DATA LISTING:
►

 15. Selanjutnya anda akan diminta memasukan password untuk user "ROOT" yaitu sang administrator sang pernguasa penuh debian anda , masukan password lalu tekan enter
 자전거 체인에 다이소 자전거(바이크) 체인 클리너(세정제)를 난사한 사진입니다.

◄
►

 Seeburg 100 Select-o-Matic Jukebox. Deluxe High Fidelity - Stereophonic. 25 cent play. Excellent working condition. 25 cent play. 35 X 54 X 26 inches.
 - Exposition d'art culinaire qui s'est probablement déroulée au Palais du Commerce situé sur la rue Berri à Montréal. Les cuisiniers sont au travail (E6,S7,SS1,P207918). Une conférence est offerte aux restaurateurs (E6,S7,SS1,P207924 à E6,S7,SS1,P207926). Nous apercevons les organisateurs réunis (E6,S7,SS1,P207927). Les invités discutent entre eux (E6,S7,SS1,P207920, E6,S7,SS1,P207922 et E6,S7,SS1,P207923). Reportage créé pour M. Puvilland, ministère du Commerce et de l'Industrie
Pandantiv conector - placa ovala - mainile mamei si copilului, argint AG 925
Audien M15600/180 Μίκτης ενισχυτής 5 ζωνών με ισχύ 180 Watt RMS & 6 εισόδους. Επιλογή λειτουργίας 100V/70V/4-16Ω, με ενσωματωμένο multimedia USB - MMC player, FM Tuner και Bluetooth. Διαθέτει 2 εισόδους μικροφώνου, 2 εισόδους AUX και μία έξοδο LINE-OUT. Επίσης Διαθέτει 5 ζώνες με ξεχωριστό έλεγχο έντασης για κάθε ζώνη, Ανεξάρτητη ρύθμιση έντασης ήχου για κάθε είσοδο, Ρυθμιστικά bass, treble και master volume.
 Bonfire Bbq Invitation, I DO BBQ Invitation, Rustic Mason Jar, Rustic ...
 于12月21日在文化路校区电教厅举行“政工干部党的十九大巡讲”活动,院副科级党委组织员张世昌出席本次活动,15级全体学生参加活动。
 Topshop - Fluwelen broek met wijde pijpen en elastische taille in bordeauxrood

◄

Your answer must be the lines above from the one containing "15. Selanjutnya anda" to the one containing "자전거 체인에 다이소 자전거(바이크) 체인 클리너(세정제)를 난사한 사진입니다.", both included, restated word for word.

 15. Selanjutnya anda akan diminta memasukan password untuk user "ROOT" yaitu sang administrator sang pernguasa penuh debian anda , masukan password lalu tekan enter
 자전거 체인에 다이소 자전거(바이크) 체인 클리너(세정제)를 난사한 사진입니다.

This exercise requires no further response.